New on LowEndTalk? Please Register and read our Community Rules.
All new Registrations are manually reviewed and approved, so a short delay after registration may occur before your account becomes active.
All new Registrations are manually reviewed and approved, so a short delay after registration may occur before your account becomes active.
Rewrite a Python script into PHP (python/php programmer requested)
I have a requirement to use an interesting script written in Python.
I'd like a PHP implementation of it as I don't script with Python and want something I can work with in PHP.

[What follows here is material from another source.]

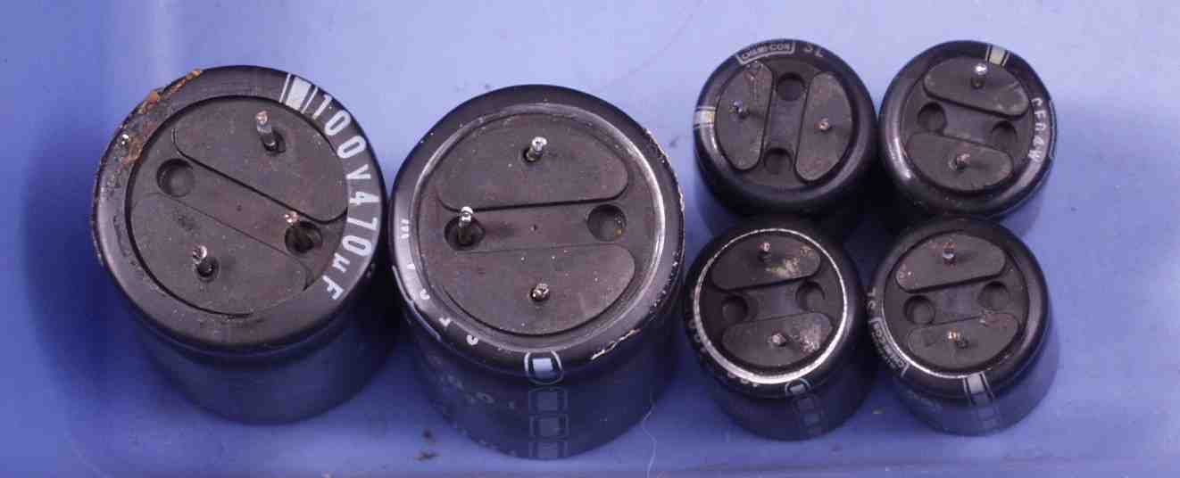| C9B. 交換した部品 下から見ると劣化している電解コンデンサー |

$50 via Paypal sounds good, I imagine it'd take someone who can program in both around 30 minutes.
"InputWordList.txt" is a list of tab delimited [WORD] [WORD FREQUENCIES], here is a datasource:
https://github.com/hermitdave/FrequencyWords/blob/master/content/2016/en/en_full.txt
I'll consider the task complete when it returns the same data as the Python version.

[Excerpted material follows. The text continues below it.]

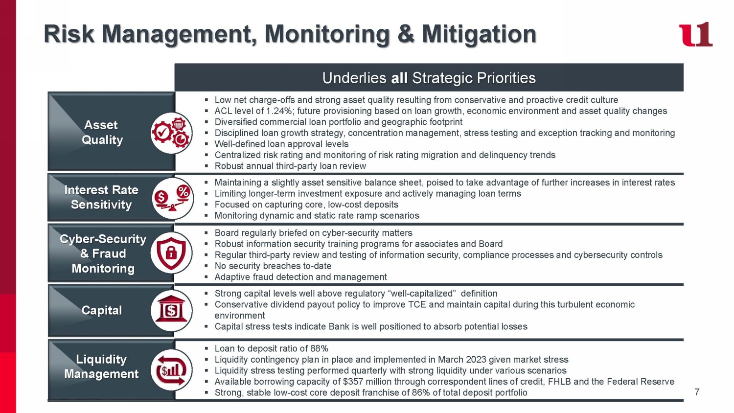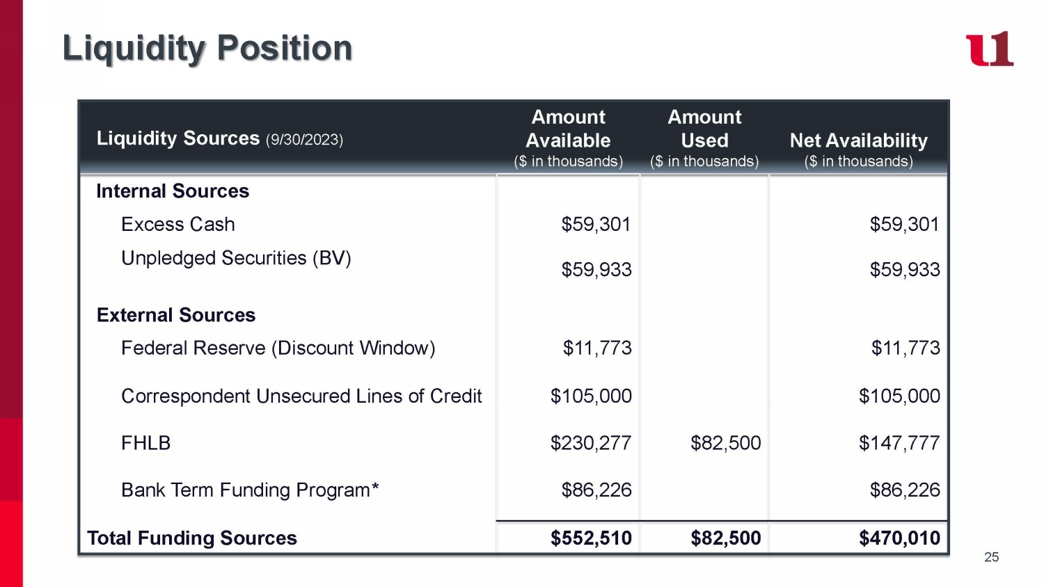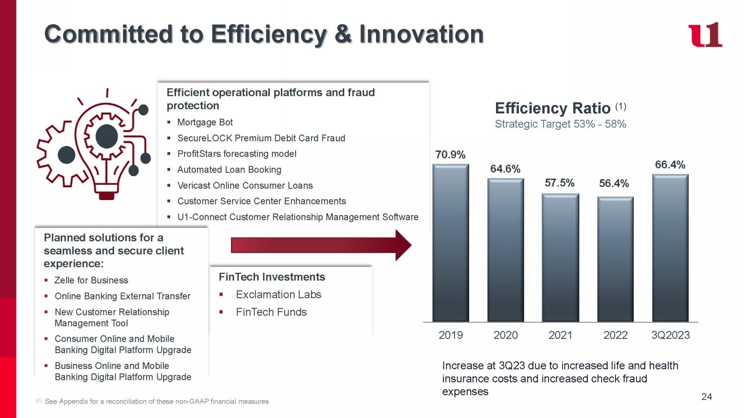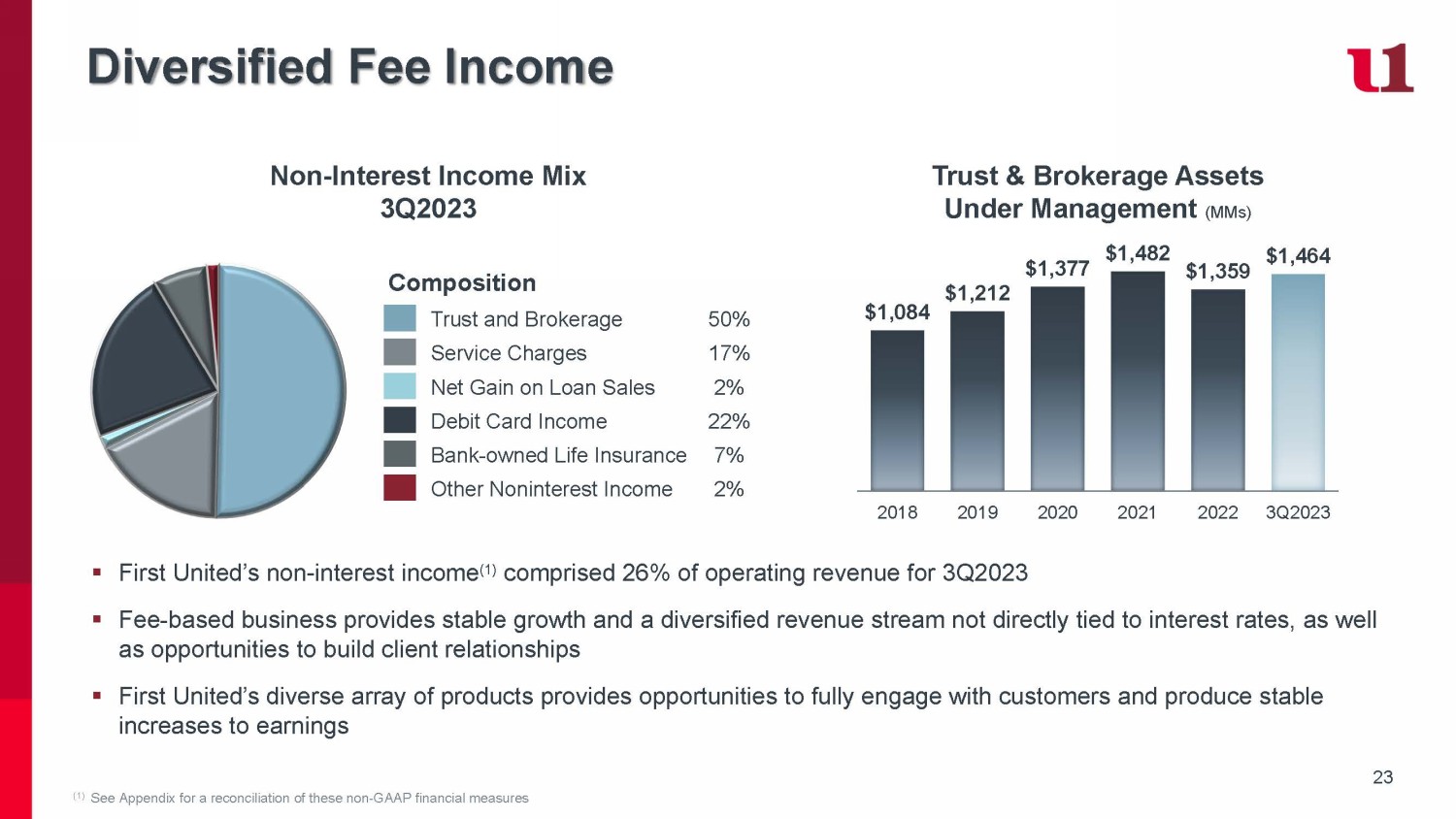 $40 $15 $15 $40 $31 September 2024 August 2024 May 2024 March 2024 December 2023 Dollars (in millions) Brokered CD FHLB Advance Brokered CD Brokered CD FHLB Advance 4.53% 5.29% 5.33% 5.31% 4.70% 22 Net Interest Margin (1) See Appendix for a reconciliation of these non - GAAP financial measures 4.41% 4.57% 3.99% 3.63% 3.85% 4.54% 0.86% 1.18% 0.91% 0.51% 0.44% 1.77% 3.74% 3.68% 3.34% 3.28% 3.56% 3.30% 0.42% 0.70% 0.49% 0.24% 0.21% 1.07% -0.5% 0.5% 1.5% 2.5% 3.5% 4.5% 2018 2019 2020 2021 2022 3Q2023 Yield on Earning Assets Cost of Interest-bearing Liabilities Net Interest Margin Cost of Deposits 23 Diversified Fee Income (1) See Appendix for a reconciliation of these non - GAAP financial measures Composition Trust and Brokerage 50% Service Charges 17% Net Gain on Loan Sales 2% Debit Card Income 22% Bank - owned Life Insurance 7% Other Noninterest Income 2% Non - Interest Income Mix 3Q2023 $1,084 $1,212 $1,377 $1,482 $1,359 $1,464 2018 2019 2020 2021 2022 3Q2023 Trust & Brokerage Assets Under Management (MMs) ▪ First United’s non - interest income (1) comprised 26% of operating revenue for 3Q2023 ▪ Fee - based business provides stable growth and a diversified revenue stream not directly tied to interest rates, as well as opportunities to build client relationships ▪ First United’s diverse array of products provides opportunities to fully engage with customers and produce stable increases to earnings 24 Committed to Efficiency & Innovation 70.9% 64.6% 57.5% 56.4% 66.4% 2019 2020 2021 2022 3Q2023 (1) See Appendix for a reconciliation of these non - GAAP financial measures Efficient operational platforms and fraud protection ▪ Mortgage Bot ▪ SecureLOCK Premium Debit Card Fraud ▪ ProfitStars forecasting model ▪ Automated Loan Booking ▪ Vericast Online Consumer Loans ▪ Customer Service Center Enhancements ▪ U1 - Connect Customer Relationship Management Software Efficiency Ratio (1) Strategic Target 53% - 58% FinTech Investments ▪ Exclamation Labs ▪ FinTech Funds Planned solutions for a seamless and secure client experience: ▪ Zelle for Business ▪ Online Banking External Transfer ▪ New Customer Relationship Management Tool ▪ Consumer Online and Mobile Banking Digital Platform Upgrade ▪ Business Online and Mobile Banking Digital Platform Upgrade Increase at 3Q23 due to increased life and health insurance costs and increased check fraud expenses

def viterbi_segment(text):
probs, lasts = [1.0], [0]
for i in range(1, len(text) + 1):
prob_k, k = max((probs[j] * word_prob(text[j:i]), j)
for j in range(max(0, i - max_word_length), i))
probs.append(prob_k)
lasts.append(k)
words = []
i = len(text)
while 0 < i:
words.append(text[lasts[i]:i])
i = lasts[i]
words.reverse()
return words, probs[-1]
def word_prob(word):
return dictionary.get(word, 0) / total
def words(text):
return re.findall('[a-z]+', text.lower())
# CREATE DICTIONARY OF WORDS TO COMPARE TO
dictionary = {}
with open('InputWordList.txt') as input:
for entry in input:
w = entry.split()
dictionary[w[0]] = int(w[1])
max_word_length = max(map(len, dictionary))
total = float(sum(dictionary.values()))
# SPLIT URL
words, prob = viterbi_segment('thisisacombinedurl.com')
Comments
hmm can you explain a little bit more what this script really does?
https://en.wikipedia.org/wiki/Viterbi_algorithm
Essentially, it's to find words in domain names, or more specifically, the most likely combination.
There's a problem with your input text file.
When running your python script to see what it does, it chokes on the line containing "ì"
Edit: That's line 24607 in your code.
Why not use Regex instead?
So remove the line
There's no point in using regex here.
That's not really Viterbi, it's a greedy approximation. For instance, I'm guessing it would break "thesemaphore" into "these map hore", because it doesn't backtrack.
Just search Github
https://github.com/search?langOverride=&p=13&q=viterbi&repo=&start_value=1&type=Repositories
you'll find a PHP match on the first page of results
https://github.com/trdarr/viterbi/blob/master/viterbi.php
I've converted most of your script, but do you by chance know what this part means?
" prob_k, k = max((probs[j] * word_prob(text[j:i]), j)
for j in range(max(0, i - max_word_length), i)) "
@rincewind
Thanks, I've looked before this post but didn't find anything that should be as quick as this.
@Pandarain
Not really, that's why I need it converted. It looks like it finds the maximum probability from a set of probabilities.
Hi @ricardo,
I've converted the script.
Is it acceptable that the speed won't be as fast as python's?Update: bug fixed. It's fast now.
Hi @scpal,
If you're OK with it, paste it in here and we can compare the output of both. If output is the same I'll send over some cash. Thanks for taking the time to rewrite it.
The site keeps blocking, so I can't paste it here.
Please check it out at: http://pastebin.com/ydzfbknd
Cheers
Excellent. I'll check it out today (5AM here)
Just a small fix to remove the type casting: http://pastebin.com/D92PFeBD
It looks like they're both producing one and the same, which is what I wanted. Now it's in PHP I can do some more work on it, thank you.
PM me your paypal and I'll get some cash sent over. Thanks!